Harlan Ellison's Introductions

I'm off judging the Eisner awards this weekend, which means I'm spending every waking moment either reading comics or talking about them. So I need to dig into the archives -- which are nearly depleted at the moment -- for something I wrote somewhere else.

The posthuman construct generally called endy9 had been reading
Again, Dangerous Visions and was struck at how abrasive and self-serving his supposedly nice introductions could be. So that entity asked rec.arts.sf.written readers what those writers really thought about Ellison. I responded:

Harlan had gotten into a number of really nasty feuds even by the point of ADV -- I think his battle with Charles Platt extends back about that far.

Harlan was always divisive, but he was also one of the field's best short-story writers, a major luminary of the American New Wave (part of the reason he was divisive), and an editor buying stories that wouldn't be published otherwise.
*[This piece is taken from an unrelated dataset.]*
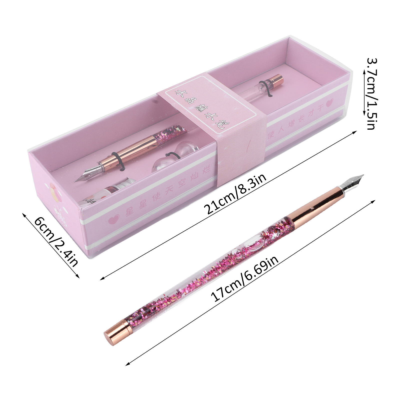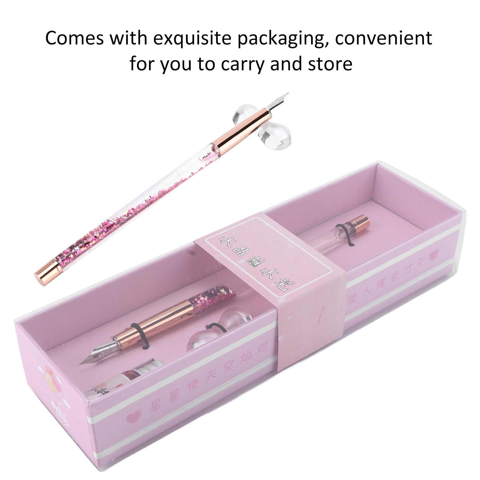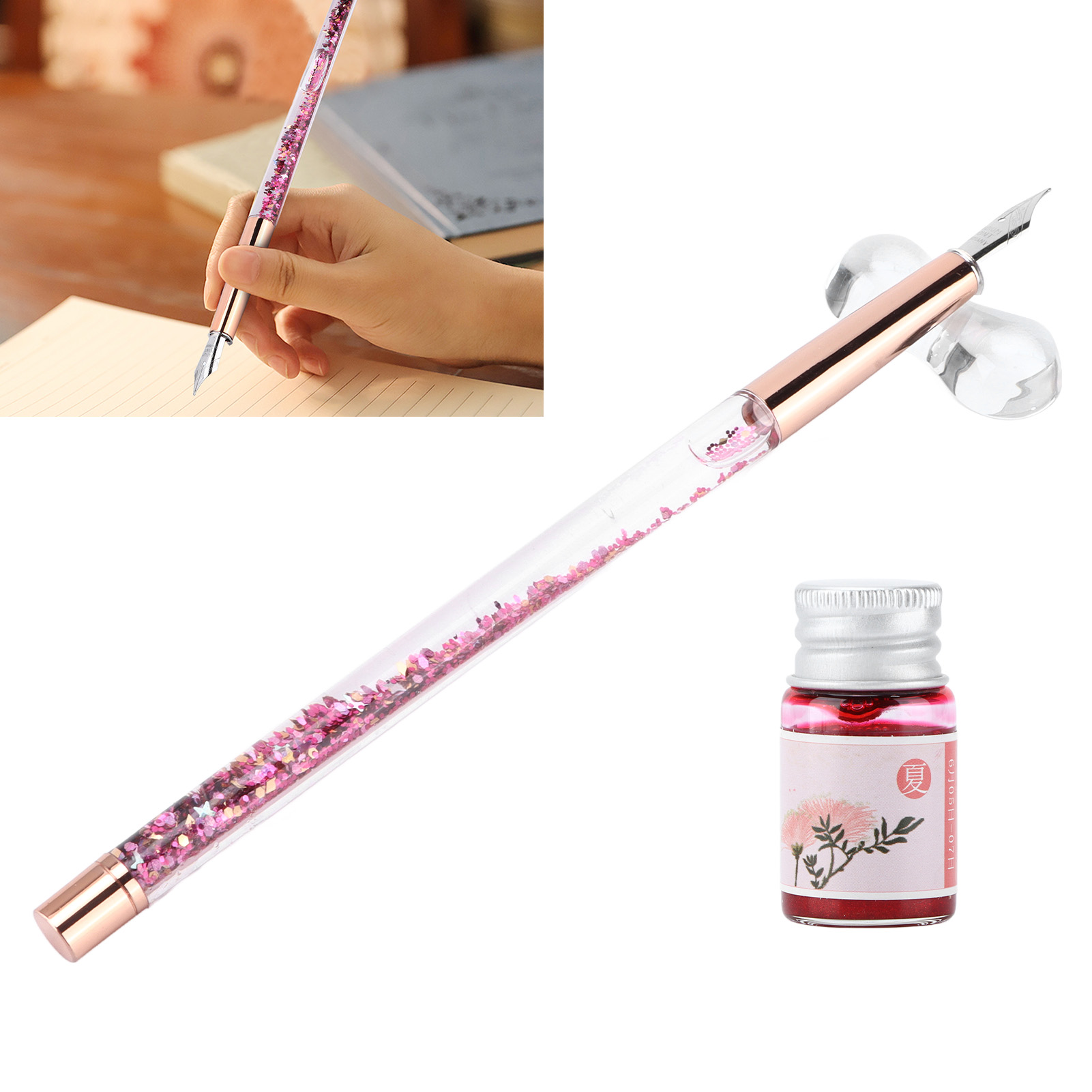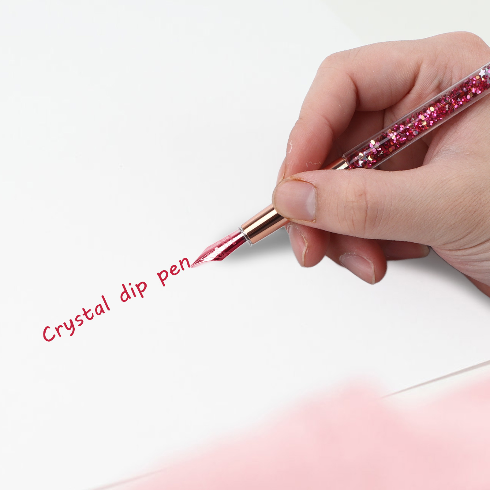 1、DURABLE and BEAUTIFUL: The dip pen is made of glossy glass and plastic materials, with beautiful pen body, comfortable to hold 2、CONVENIENT to CARRY: This pen comes with a beautiful packaging, which is convenient for you to carry and store 3、INK WRITING: This glass dip pen is written in ink, which writing smoothly and is not easy to scratch paper 4、COMPLETE ACCESSORIES: Each box of pens is equipped with a glass pen, a bottle of ink, and a pen holder to meet daily needs 5、SIMPLE to USE: There is no complicated use process, only need to take the pen to dip the ink, you can use the pen

His introduction to the first Dangerous Visions reads like pure bombast now, but it was more than half-true then: those stories really couldn't have been published anywhere else before that book, and things changed across the field afterward.

So the answer is a big "it's complicated" -- some people (particularly older writers and those associated with John W. Campbell and Analog) loathed Harlan and all that he stood for; some people fell out with him, one way or another (and Harlan in those days was not one to patch over differences, even small ones); and a lot of people either honestly liked him or tolerated his more bombastic qualities because of all of the great work he did.

He also only attacked people that he thought deserved it -- he teased his friends, but he attacked his enemies. (Harlan's teasing may seem rough, if you're used to sweeter writers, but you won't mistake it for his attacks once you've seen both.)